● **About this exercise**
Going through the material below, output exactly the lines from the one containing "- Le premier" through the one containing "Patixa Teló ganha", and no pictures.

● **Given entries**

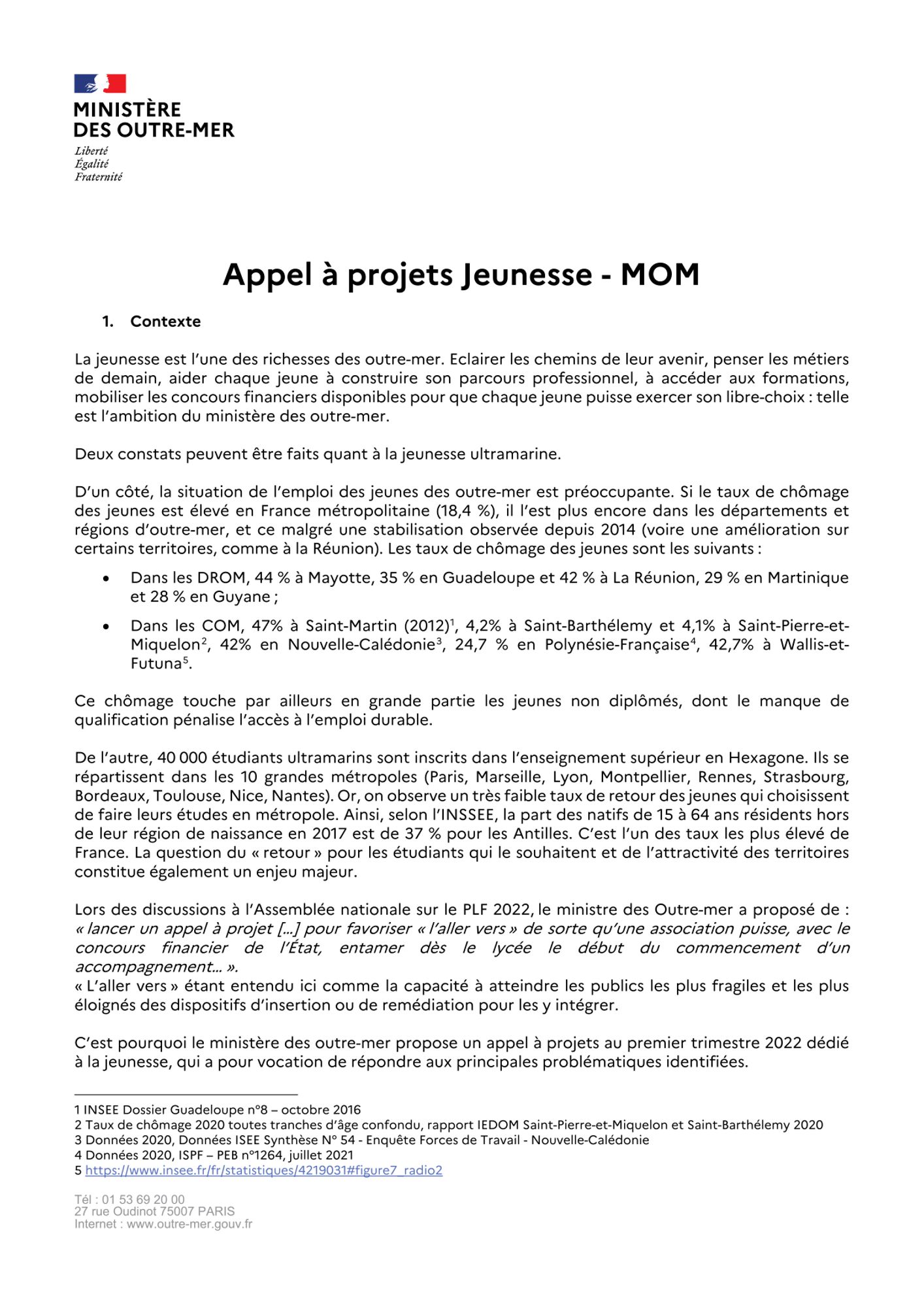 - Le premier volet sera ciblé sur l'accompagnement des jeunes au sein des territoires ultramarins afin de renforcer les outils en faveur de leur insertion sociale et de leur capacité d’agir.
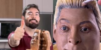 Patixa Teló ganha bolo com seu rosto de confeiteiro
--
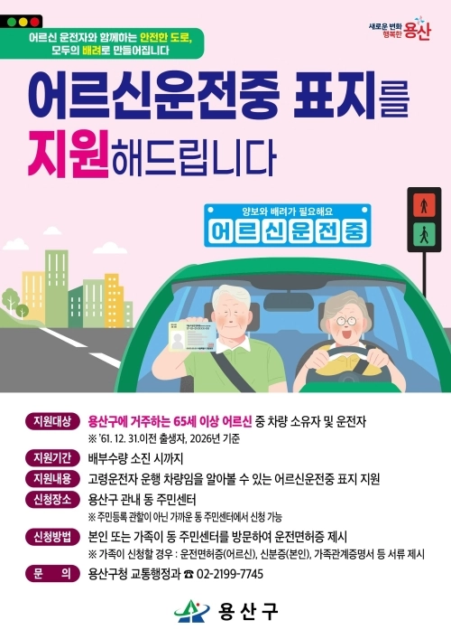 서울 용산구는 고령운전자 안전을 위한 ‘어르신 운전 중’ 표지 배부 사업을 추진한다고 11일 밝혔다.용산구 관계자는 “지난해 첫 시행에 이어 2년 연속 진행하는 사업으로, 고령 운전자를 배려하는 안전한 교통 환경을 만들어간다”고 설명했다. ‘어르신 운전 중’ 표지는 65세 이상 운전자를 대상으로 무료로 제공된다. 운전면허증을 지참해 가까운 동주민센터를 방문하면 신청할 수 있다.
--
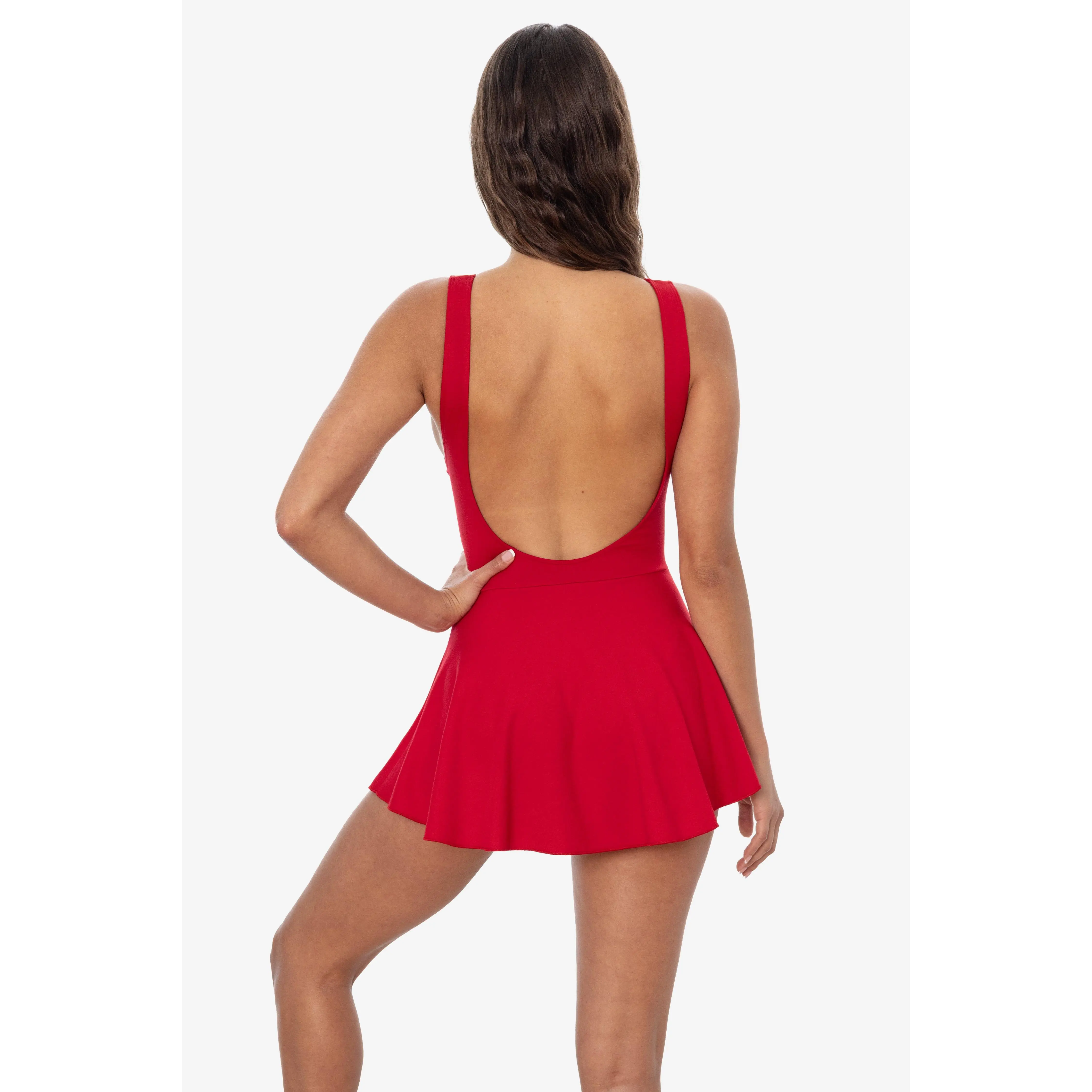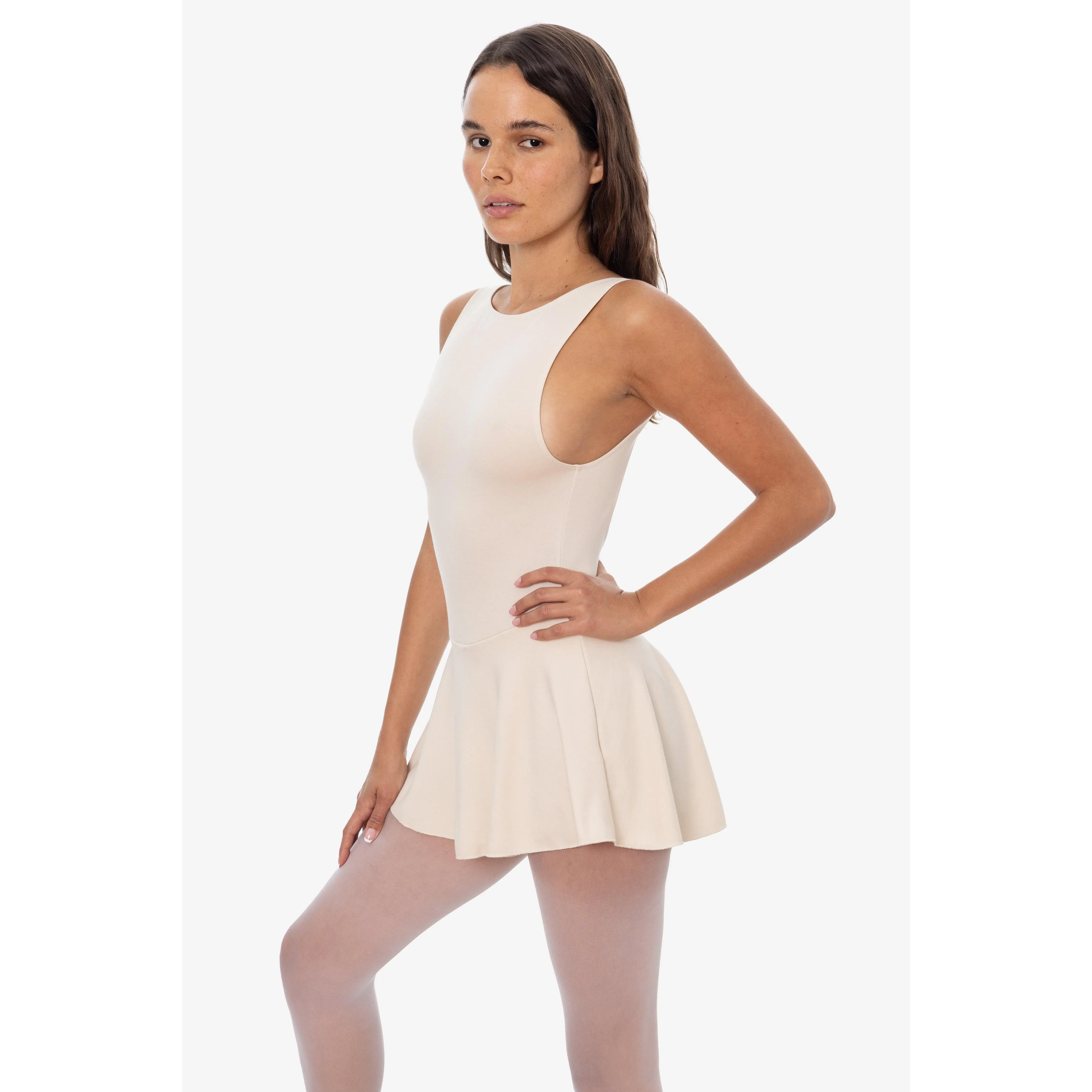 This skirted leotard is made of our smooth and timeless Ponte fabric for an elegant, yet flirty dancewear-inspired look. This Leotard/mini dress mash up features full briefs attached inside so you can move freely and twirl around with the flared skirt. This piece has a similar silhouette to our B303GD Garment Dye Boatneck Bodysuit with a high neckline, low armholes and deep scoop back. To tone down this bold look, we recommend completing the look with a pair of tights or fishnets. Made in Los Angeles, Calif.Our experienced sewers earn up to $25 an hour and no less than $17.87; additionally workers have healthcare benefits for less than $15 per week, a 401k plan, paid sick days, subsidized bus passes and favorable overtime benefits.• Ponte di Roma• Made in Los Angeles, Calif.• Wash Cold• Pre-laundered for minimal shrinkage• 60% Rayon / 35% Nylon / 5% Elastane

● **Expected answer**
 - Le premier volet sera ciblé sur l'accompagnement des jeunes au sein des territoires ultramarins afin de renforcer les outils en faveur de leur insertion sociale et de leur capacité d’agir.
 Patixa Teló ganha bolo com seu rosto de confeiteiro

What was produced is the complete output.